# [Task directions]
Everything in the data except the pictures belongs in your answer, copied exactly.

# [Material for this task]

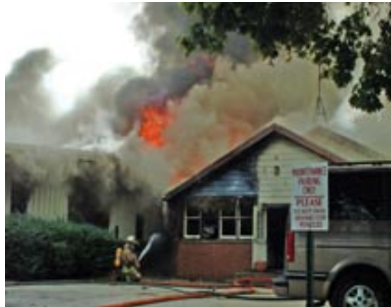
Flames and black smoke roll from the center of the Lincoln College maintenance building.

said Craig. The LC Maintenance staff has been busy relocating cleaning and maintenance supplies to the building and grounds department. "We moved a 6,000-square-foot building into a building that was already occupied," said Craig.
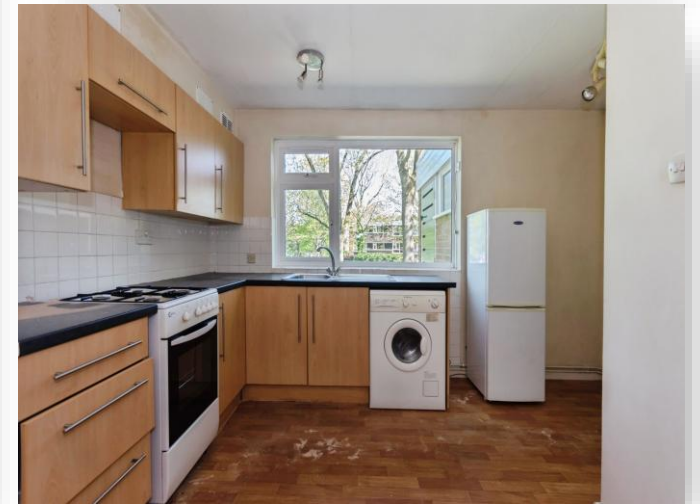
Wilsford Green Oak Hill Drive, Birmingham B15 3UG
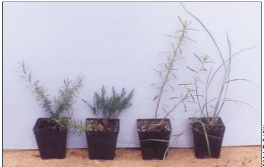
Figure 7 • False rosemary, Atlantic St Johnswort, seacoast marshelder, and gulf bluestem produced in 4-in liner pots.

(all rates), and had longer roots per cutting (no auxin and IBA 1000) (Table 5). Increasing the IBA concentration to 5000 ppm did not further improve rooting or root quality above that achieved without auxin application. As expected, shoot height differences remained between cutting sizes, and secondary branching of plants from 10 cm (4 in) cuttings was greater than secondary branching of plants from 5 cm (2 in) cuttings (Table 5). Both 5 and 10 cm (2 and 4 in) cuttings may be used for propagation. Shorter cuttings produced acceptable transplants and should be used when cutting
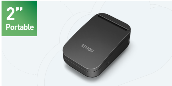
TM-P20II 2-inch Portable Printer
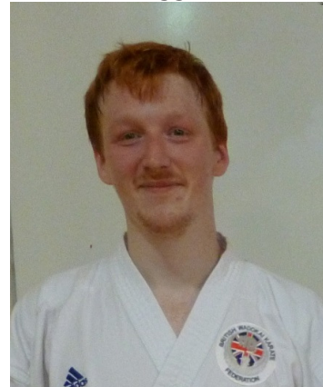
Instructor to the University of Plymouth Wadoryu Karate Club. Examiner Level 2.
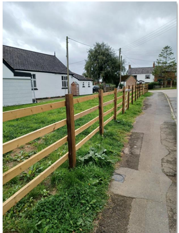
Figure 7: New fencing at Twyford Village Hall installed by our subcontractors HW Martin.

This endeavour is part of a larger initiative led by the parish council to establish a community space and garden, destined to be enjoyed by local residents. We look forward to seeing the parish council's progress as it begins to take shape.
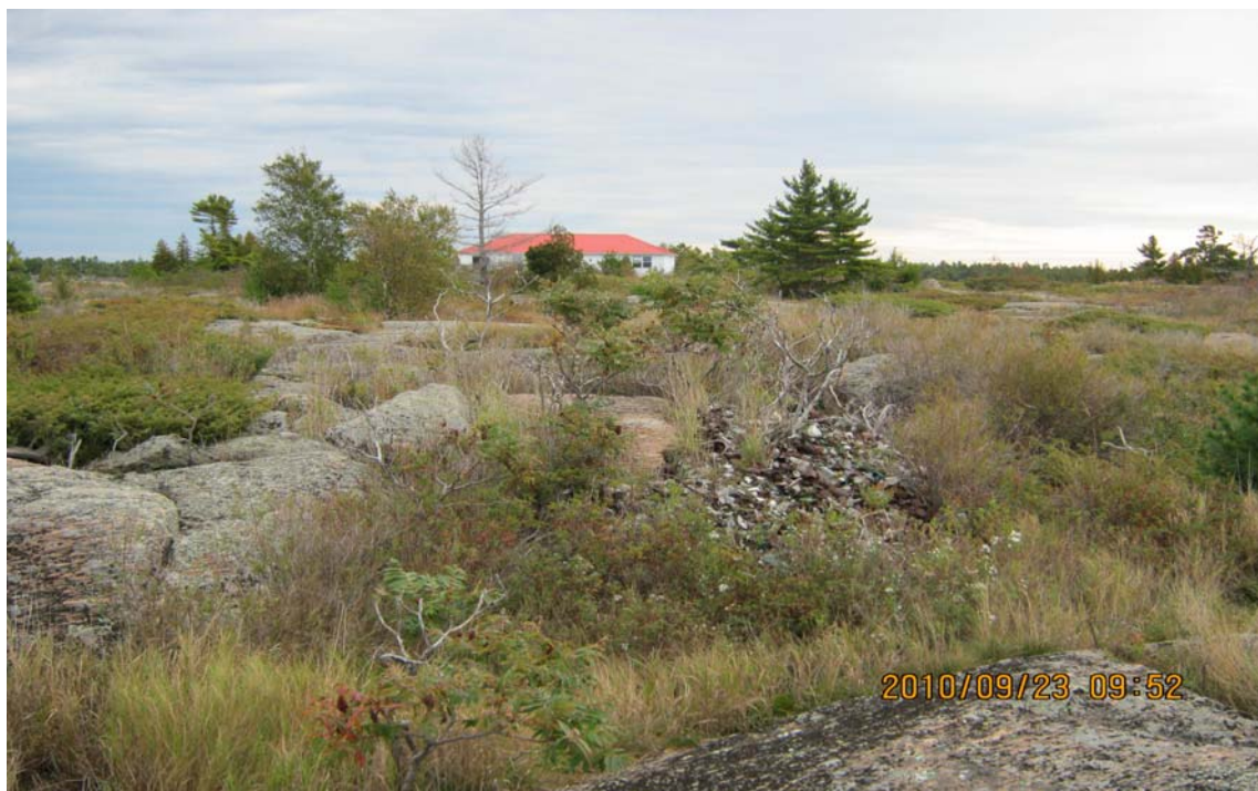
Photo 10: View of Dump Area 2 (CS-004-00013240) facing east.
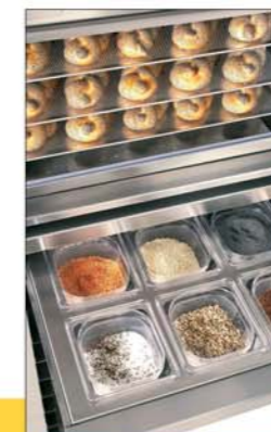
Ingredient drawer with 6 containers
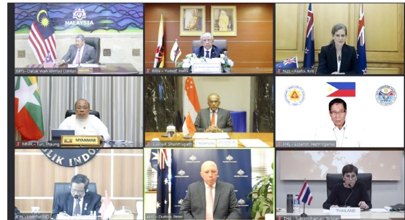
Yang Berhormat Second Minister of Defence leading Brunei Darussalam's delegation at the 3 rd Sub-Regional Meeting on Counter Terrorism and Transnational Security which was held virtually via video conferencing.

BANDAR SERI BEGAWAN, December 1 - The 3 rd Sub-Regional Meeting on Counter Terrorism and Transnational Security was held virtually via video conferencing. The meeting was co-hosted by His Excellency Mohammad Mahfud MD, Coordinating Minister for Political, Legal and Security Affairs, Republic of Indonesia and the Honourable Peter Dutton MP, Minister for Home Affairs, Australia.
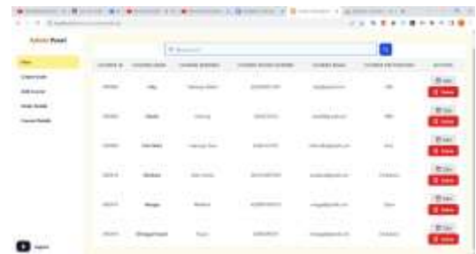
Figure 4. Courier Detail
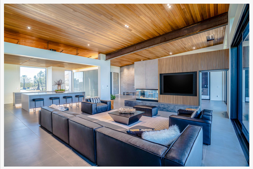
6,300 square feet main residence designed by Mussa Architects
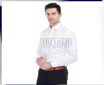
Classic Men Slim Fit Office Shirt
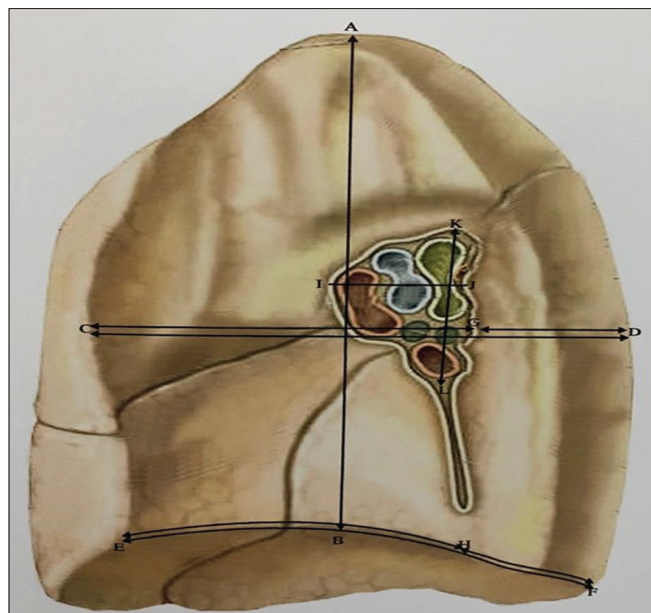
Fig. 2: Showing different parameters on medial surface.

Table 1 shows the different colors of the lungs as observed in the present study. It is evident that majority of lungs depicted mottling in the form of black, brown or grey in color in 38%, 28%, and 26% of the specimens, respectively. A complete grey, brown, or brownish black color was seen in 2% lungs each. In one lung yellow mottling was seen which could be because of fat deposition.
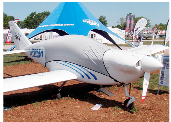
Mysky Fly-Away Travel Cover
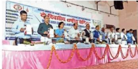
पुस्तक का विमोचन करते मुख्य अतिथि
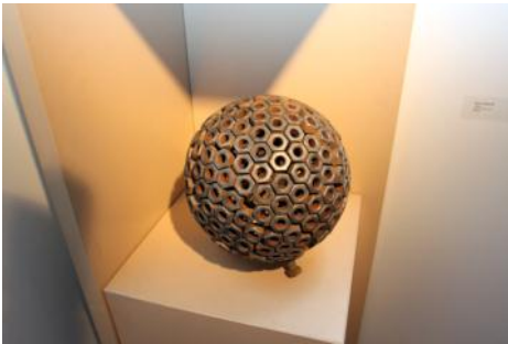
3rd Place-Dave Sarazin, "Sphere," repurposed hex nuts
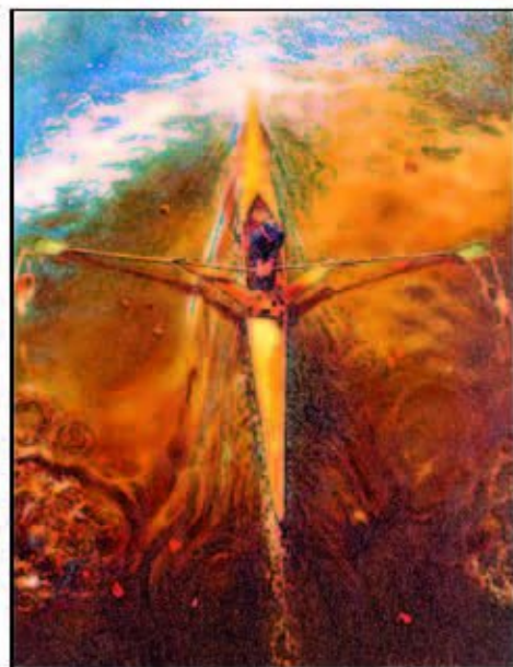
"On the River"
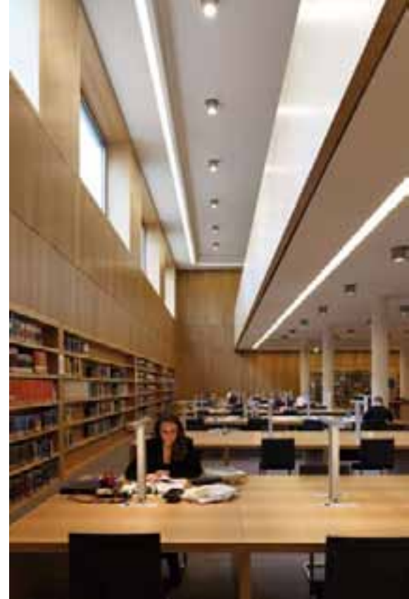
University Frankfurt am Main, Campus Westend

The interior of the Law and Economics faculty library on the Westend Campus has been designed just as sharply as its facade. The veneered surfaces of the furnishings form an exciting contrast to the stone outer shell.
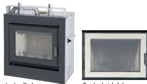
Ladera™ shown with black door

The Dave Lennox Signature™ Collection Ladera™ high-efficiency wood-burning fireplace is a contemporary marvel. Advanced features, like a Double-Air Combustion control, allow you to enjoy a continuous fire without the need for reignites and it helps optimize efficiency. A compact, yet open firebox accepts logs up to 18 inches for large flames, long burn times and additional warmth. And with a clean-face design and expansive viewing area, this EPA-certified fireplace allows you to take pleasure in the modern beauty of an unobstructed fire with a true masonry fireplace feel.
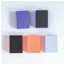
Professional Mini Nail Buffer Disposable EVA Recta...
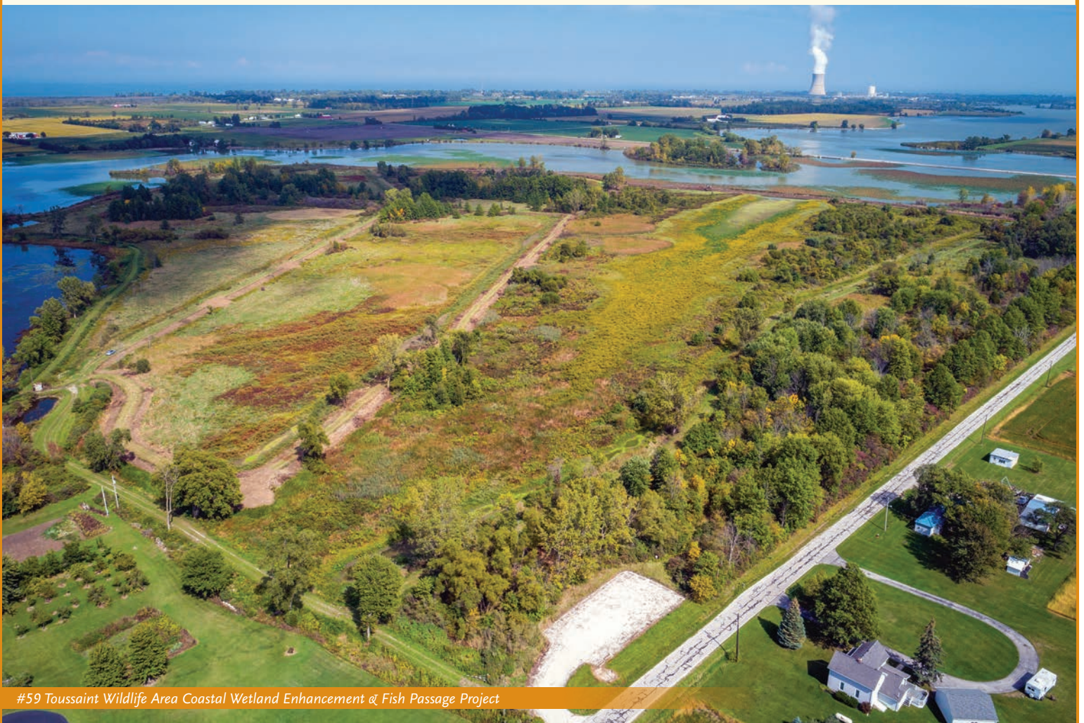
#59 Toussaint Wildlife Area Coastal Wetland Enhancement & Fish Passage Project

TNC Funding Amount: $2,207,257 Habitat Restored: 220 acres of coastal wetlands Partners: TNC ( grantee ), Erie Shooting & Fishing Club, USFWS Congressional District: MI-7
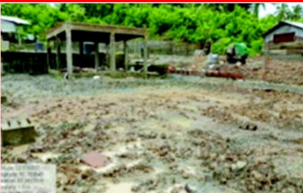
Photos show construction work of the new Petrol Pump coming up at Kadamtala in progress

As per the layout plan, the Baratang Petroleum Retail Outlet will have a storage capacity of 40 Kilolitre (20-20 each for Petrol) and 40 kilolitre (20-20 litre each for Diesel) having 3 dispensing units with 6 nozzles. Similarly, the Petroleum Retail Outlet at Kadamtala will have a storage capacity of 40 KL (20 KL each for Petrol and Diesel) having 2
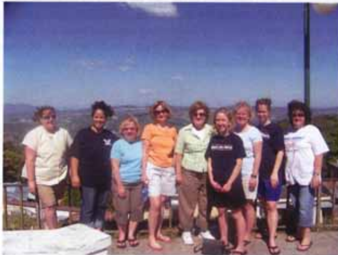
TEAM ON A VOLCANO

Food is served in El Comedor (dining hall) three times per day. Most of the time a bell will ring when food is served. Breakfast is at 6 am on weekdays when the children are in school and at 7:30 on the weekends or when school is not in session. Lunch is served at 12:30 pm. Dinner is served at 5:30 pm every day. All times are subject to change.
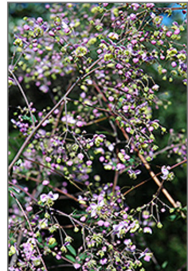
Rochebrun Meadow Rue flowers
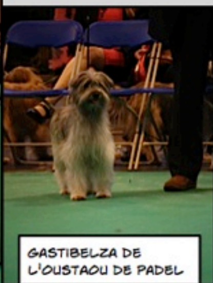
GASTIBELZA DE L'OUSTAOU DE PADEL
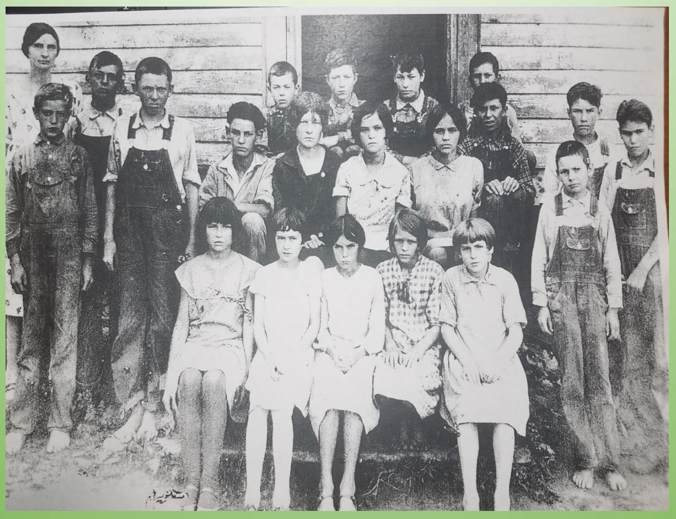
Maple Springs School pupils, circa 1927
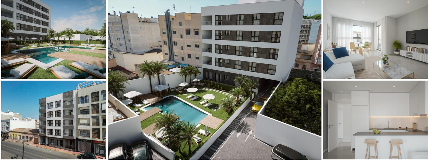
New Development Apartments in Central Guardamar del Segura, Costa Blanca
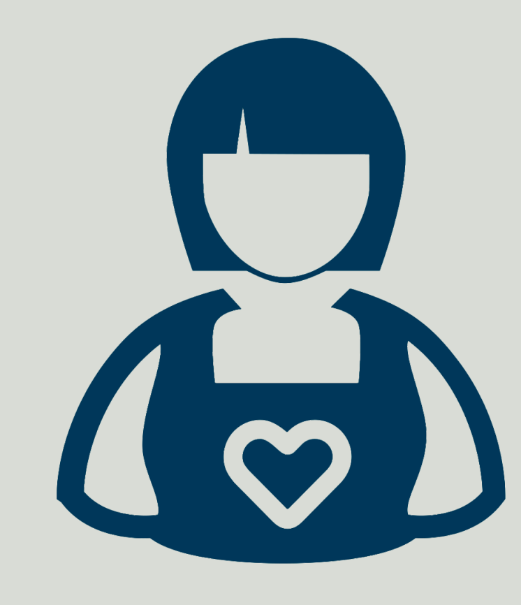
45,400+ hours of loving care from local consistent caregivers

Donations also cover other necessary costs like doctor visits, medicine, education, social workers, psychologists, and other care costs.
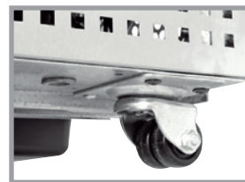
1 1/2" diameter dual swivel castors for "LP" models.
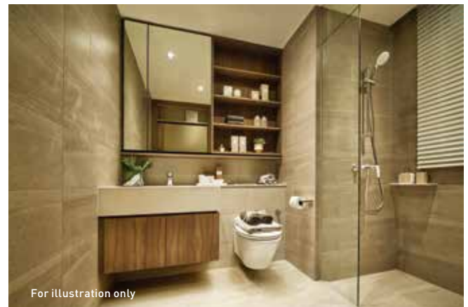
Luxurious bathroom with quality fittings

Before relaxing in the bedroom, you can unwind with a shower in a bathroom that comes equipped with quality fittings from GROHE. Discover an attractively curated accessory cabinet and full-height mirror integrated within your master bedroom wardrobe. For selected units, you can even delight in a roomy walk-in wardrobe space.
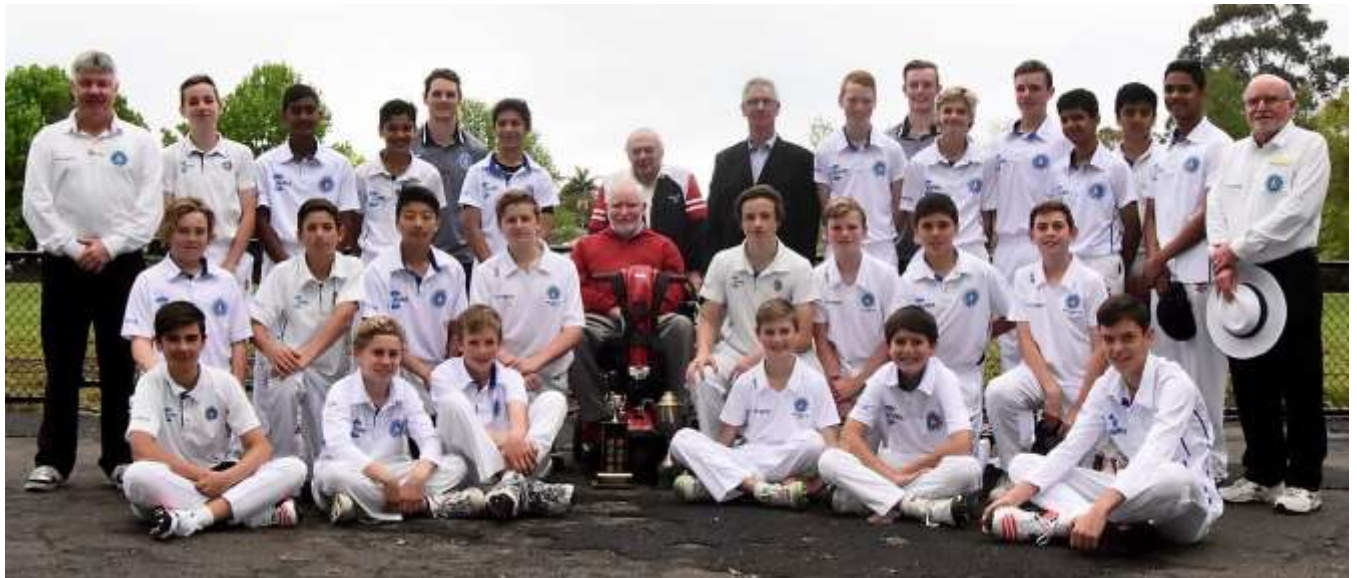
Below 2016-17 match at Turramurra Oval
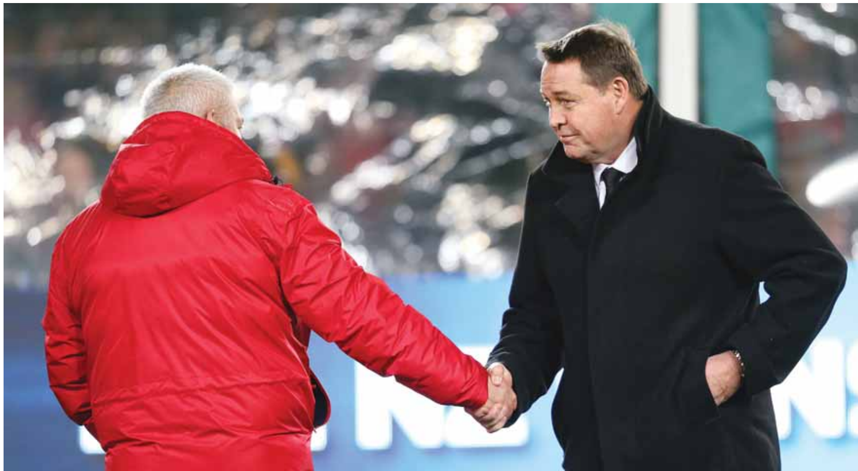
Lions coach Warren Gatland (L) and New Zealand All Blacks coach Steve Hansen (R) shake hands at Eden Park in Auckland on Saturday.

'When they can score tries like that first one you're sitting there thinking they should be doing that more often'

# [Result below]
Flames and black smoke roll from the center of the Lincoln College maintenance building.

said Craig. The LC Maintenance staff has been busy relocating cleaning and maintenance supplies to the building and grounds department. "We moved a 6,000-square-foot building into a building that was already occupied," said Craig.
Wilsford Green Oak Hill Drive, Birmingham B15 3UG
Figure 7 • False rosemary, Atlantic St Johnswort, seacoast marshelder, and gulf bluestem produced in 4-in liner pots.

(all rates), and had longer roots per cutting (no auxin and IBA 1000) (Table 5). Increasing the IBA concentration to 5000 ppm did not further improve rooting or root quality above that achieved without auxin application. As expected, shoot height differences remained between cutting sizes, and secondary branching of plants from 10 cm (4 in) cuttings was greater than secondary branching of plants from 5 cm (2 in) cuttings (Table 5). Both 5 and 10 cm (2 and 4 in) cuttings may be used for propagation. Shorter cuttings produced acceptable transplants and should be used when cutting
TM-P20II 2-inch Portable Printer
Instructor to the University of Plymouth Wadoryu Karate Club. Examiner Level 2.
Figure 7: New fencing at Twyford Village Hall installed by our subcontractors HW Martin.

This endeavour is part of a larger initiative led by the parish council to establish a community space and garden, destined to be enjoyed by local residents. We look forward to seeing the parish council's progress as it begins to take shape.
Photo 10: View of Dump Area 2 (CS-004-00013240) facing east.
Ingredient drawer with 6 containers
Yang Berhormat Second Minister of Defence leading Brunei Darussalam's delegation at the 3 rd Sub-Regional Meeting on Counter Terrorism and Transnational Security which was held virtually via video conferencing.

BANDAR SERI BEGAWAN, December 1 - The 3 rd Sub-Regional Meeting on Counter Terrorism and Transnational Security was held virtually via video conferencing. The meeting was co-hosted by His Excellency Mohammad Mahfud MD, Coordinating Minister for Political, Legal and Security Affairs, Republic of Indonesia and the Honourable Peter Dutton MP, Minister for Home Affairs, Australia.
Figure 4. Courier Detail
6,300 square feet main residence designed by Mussa Architects
Classic Men Slim Fit Office Shirt
Fig. 2: Showing different parameters on medial surface.

Table 1 shows the different colors of the lungs as observed in the present study. It is evident that majority of lungs depicted mottling in the form of black, brown or grey in color in 38%, 28%, and 26% of the specimens, respectively. A complete grey, brown, or brownish black color was seen in 2% lungs each. In one lung yellow mottling was seen which could be because of fat deposition.
Mysky Fly-Away Travel Cover
पुस्तक का विमोचन करते मुख्य अतिथि
3rd Place-Dave Sarazin, "Sphere," repurposed hex nuts
"On the River"
University Frankfurt am Main, Campus Westend

The interior of the Law and Economics faculty library on the Westend Campus has been designed just as sharply as its facade. The veneered surfaces of the furnishings form an exciting contrast to the stone outer shell.
Ladera™ shown with black door

The Dave Lennox Signature™ Collection Ladera™ high-efficiency wood-burning fireplace is a contemporary marvel. Advanced features, like a Double-Air Combustion control, allow you to enjoy a continuous fire without the need for reignites and it helps optimize efficiency. A compact, yet open firebox accepts logs up to 18 inches for large flames, long burn times and additional warmth. And with a clean-face design and expansive viewing area, this EPA-certified fireplace allows you to take pleasure in the modern beauty of an unobstructed fire with a true masonry fireplace feel.
Professional Mini Nail Buffer Disposable EVA Recta...
#59 Toussaint Wildlife Area Coastal Wetland Enhancement & Fish Passage Project

TNC Funding Amount: $2,207,257 Habitat Restored: 220 acres of coastal wetlands Partners: TNC ( grantee ), Erie Shooting & Fishing Club, USFWS Congressional District: MI-7
Photos show construction work of the new Petrol Pump coming up at Kadamtala in progress

As per the layout plan, the Baratang Petroleum Retail Outlet will have a storage capacity of 40 Kilolitre (20-20 each for Petrol) and 40 kilolitre (20-20 litre each for Diesel) having 3 dispensing units with 6 nozzles. Similarly, the Petroleum Retail Outlet at Kadamtala will have a storage capacity of 40 KL (20 KL each for Petrol and Diesel) having 2
TEAM ON A VOLCANO

Food is served in El Comedor (dining hall) three times per day. Most of the time a bell will ring when food is served. Breakfast is at 6 am on weekdays when the children are in school and at 7:30 on the weekends or when school is not in session. Lunch is served at 12:30 pm. Dinner is served at 5:30 pm every day. All times are subject to change.
Rochebrun Meadow Rue flowers
GASTIBELZA DE L'OUSTAOU DE PADEL
Maple Springs School pupils, circa 1927
New Development Apartments in Central Guardamar del Segura, Costa Blanca
45,400+ hours of loving care from local consistent caregivers

Donations also cover other necessary costs like doctor visits, medicine, education, social workers, psychologists, and other care costs.
1 1/2" diameter dual swivel castors for "LP" models.
Luxurious bathroom with quality fittings

Before relaxing in the bedroom, you can unwind with a shower in a bathroom that comes equipped with quality fittings from GROHE. Discover an attractively curated accessory cabinet and full-height mirror integrated within your master bedroom wardrobe. For selected units, you can even delight in a roomy walk-in wardrobe space.
Below 2016-17 match at Turramurra Oval
Lions coach Warren Gatland (L) and New Zealand All Blacks coach Steve Hansen (R) shake hands at Eden Park in Auckland on Saturday.

'When they can score tries like that first one you're sitting there thinking they should be doing that more often'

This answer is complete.